_Input data_
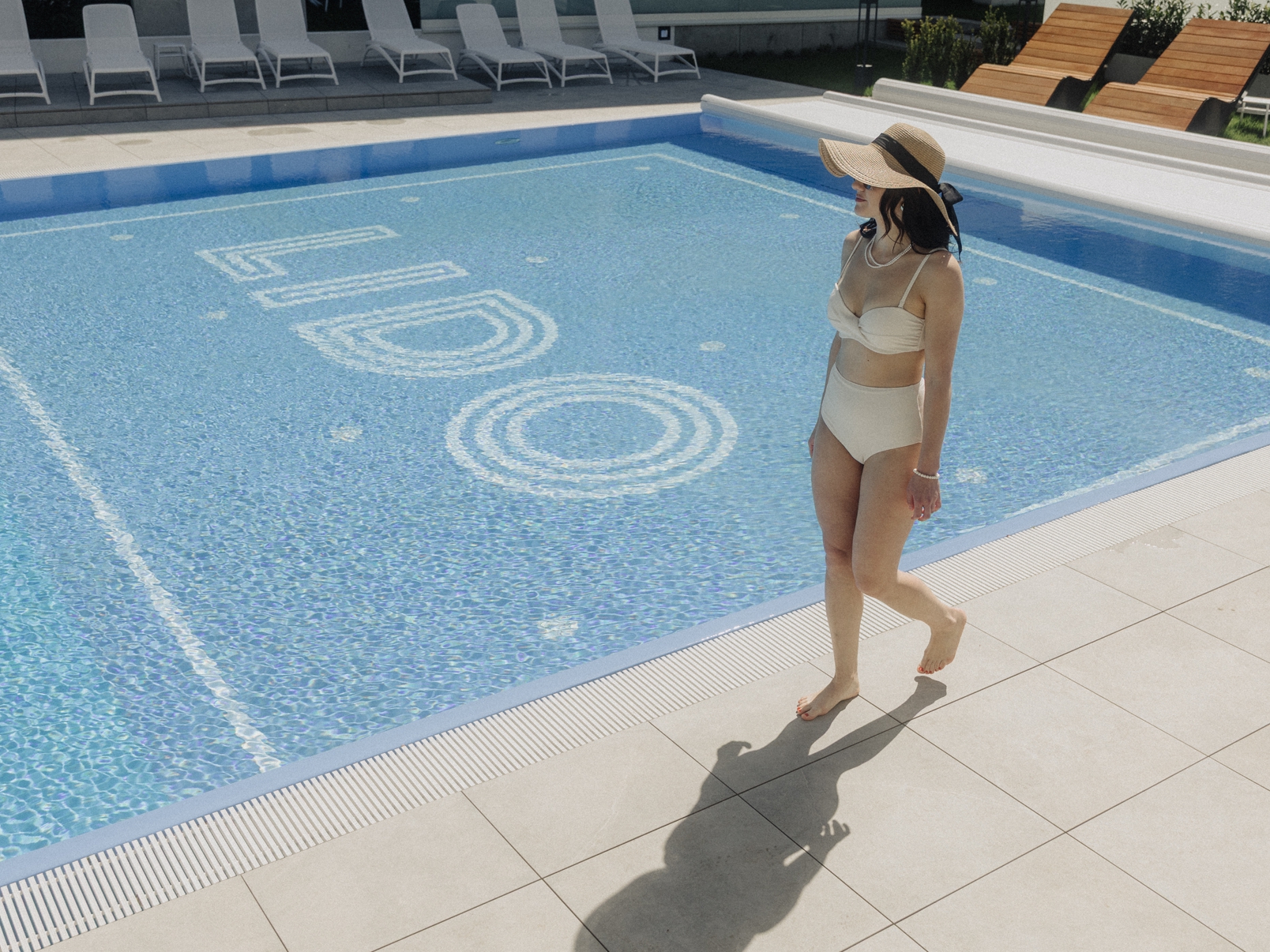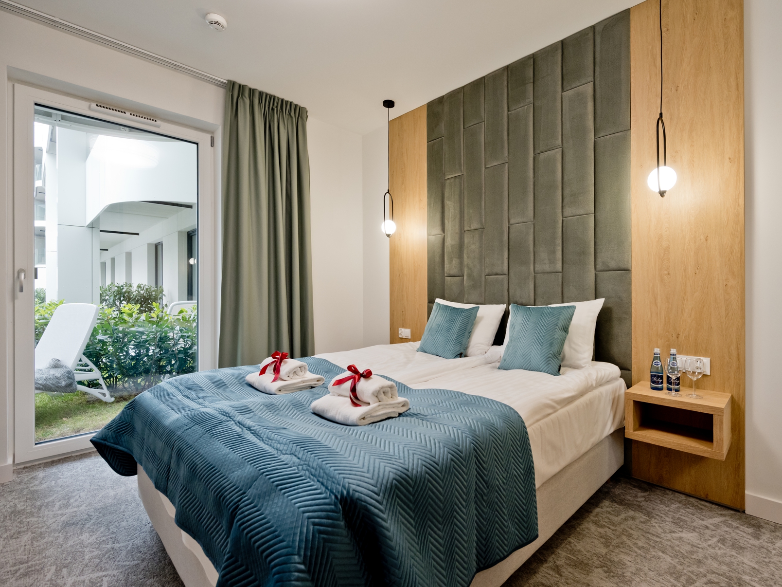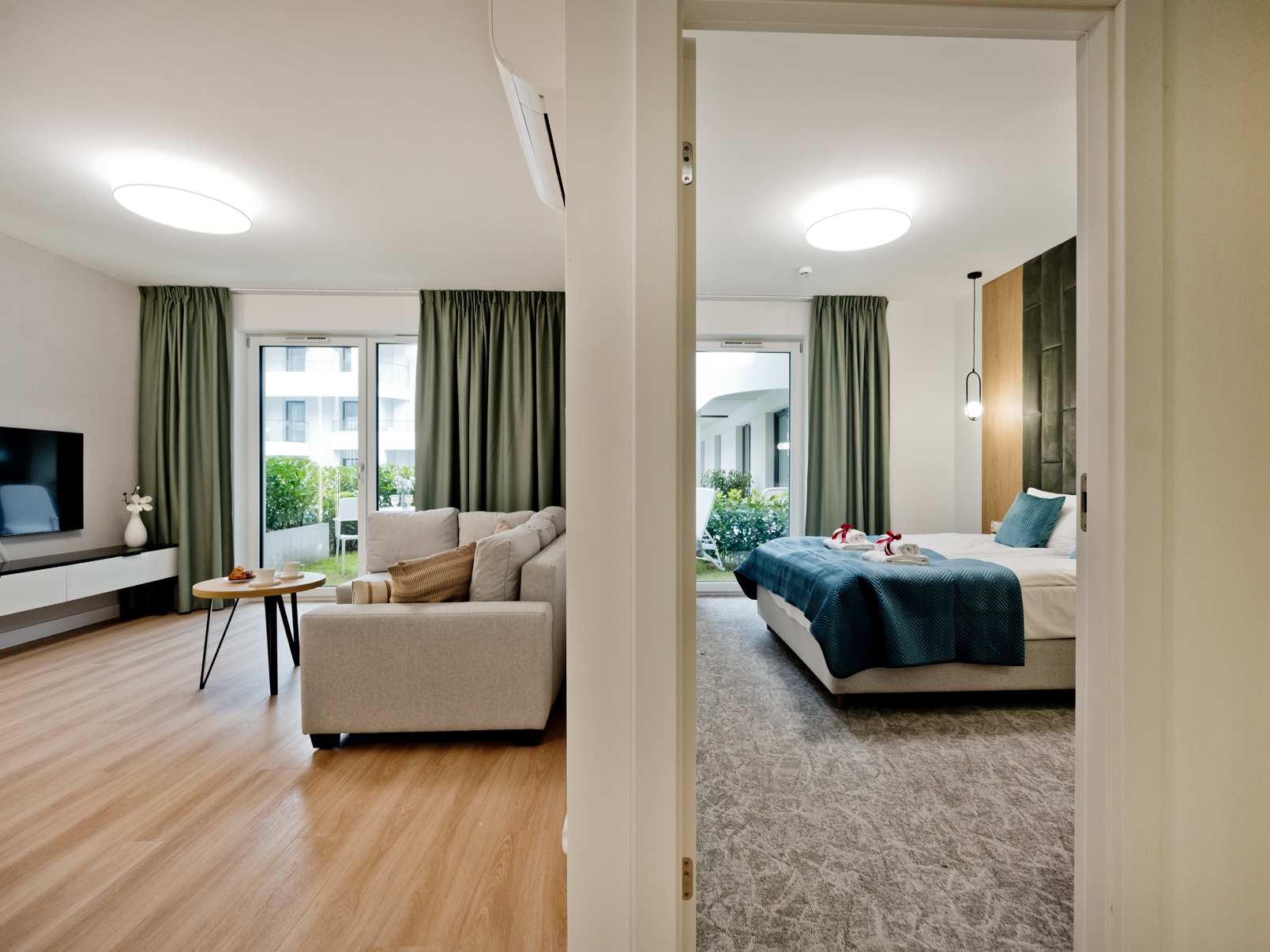 Elegancki, klimatyzowany apartament składa się z przestronnego salonu z aneksem kuchennym, oddzielnej sypialni oraz komfortowej łazienki. Z salonu i sypialni wychodzi się na prywatny ogródek z widokiem i bezpośrednim zejściem na basen – idealne miejsce na poranną kawę lub wieczorny relaks. Wnętrze apartamentu zaprojektowane zostało z dbałością o detale, łącząc nowoczesny design z nawiązaniami do stylu art déco.
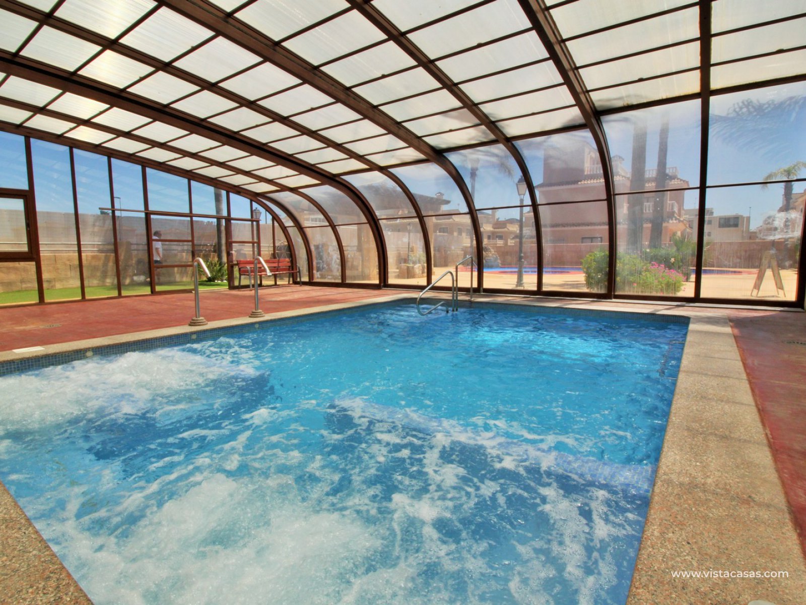 An immaculately presented 2 bedroom apartment for sale in Vista Azul XII, Los Dolses. The residencial complex offers great facilities, including 2 outdoor swimming pools, an in-door heated pool with spa area, sauna and children's playground. The apartment is sold with air-conditioning in all rooms, and offers a large 23m2 balcony with sea views, plus an underground garage.
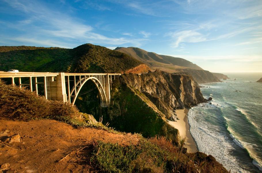 Oblast Big Sur, kam dále směřuje naše cesta, je historicky jedním z nejméně osídlených míst v Kalifornii. Silnice podél pobřeží – známá Highway 1 – byla vybudována teprve začátkem 20. století a dnes je považována za jednu z nejkrásnějších scénických cest v USA. Nádherné pobřeží se však nedoporučuje obdivovat za jízdy kolem strmých skalnatých srázů nad příbojem divokého Pacifiku. Pro ten účel jsou zde vybudována odpočívadla.
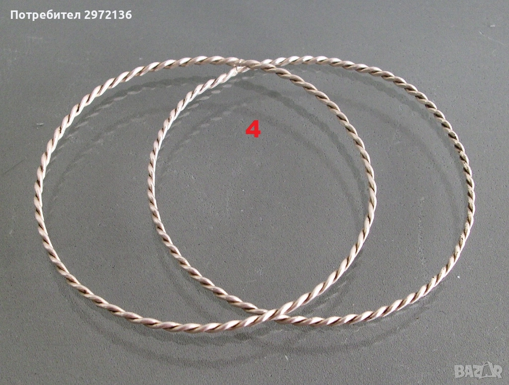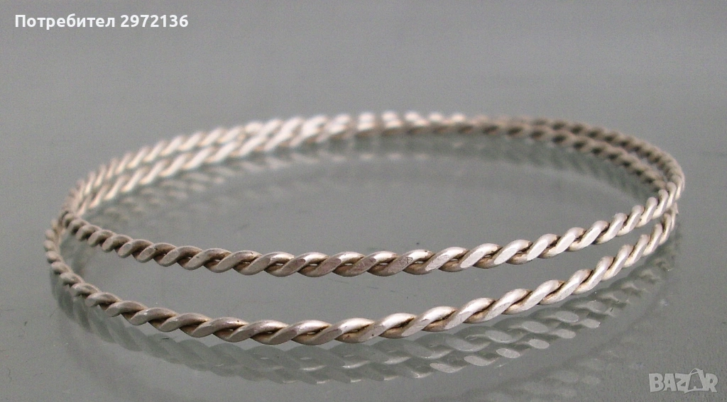 4. Комплект две твърди гривни, сребро проба 925, българско производство. Всяка гривна е изработена от две спираловидно усукани плоски ивици, шлифовани двустранно. Диаметър 65 мм, сечение 2 х 1.5 мм, тегло общо 3 грама. Цена 32 €.

_Try it_
Once the pictures are set aside, repeat the remaining data word for word.

_Response to the task_
 Elegancki, klimatyzowany apartament składa się z przestronnego salonu z aneksem kuchennym, oddzielnej sypialni oraz komfortowej łazienki. Z salonu i sypialni wychodzi się na prywatny ogródek z widokiem i bezpośrednim zejściem na basen – idealne miejsce na poranną kawę lub wieczorny relaks. Wnętrze apartamentu zaprojektowane zostało z dbałością o detale, łącząc nowoczesny design z nawiązaniami do stylu art déco.
 An immaculately presented 2 bedroom apartment for sale in Vista Azul XII, Los Dolses. The residencial complex offers great facilities, including 2 outdoor swimming pools, an in-door heated pool with spa area, sauna and children's playground. The apartment is sold with air-conditioning in all rooms, and offers a large 23m2 balcony with sea views, plus an underground garage.
 Oblast Big Sur, kam dále směřuje naše cesta, je historicky jedním z nejméně osídlených míst v Kalifornii. Silnice podél pobřeží – známá Highway 1 – byla vybudována teprve začátkem 20. století a dnes je považována za jednu z nejkrásnějších scénických cest v USA. Nádherné pobřeží se však nedoporučuje obdivovat za jízdy kolem strmých skalnatých srázů nad příbojem divokého Pacifiku. Pro ten účel jsou zde vybudována odpočívadla.
 4. Комплект две твърди гривни, сребро проба 925, българско производство. Всяка гривна е изработена от две спираловидно усукани плоски ивици, шлифовани двустранно. Диаметър 65 мм, сечение 2 х 1.5 мм, тегло общо 3 грама. Цена 32 €.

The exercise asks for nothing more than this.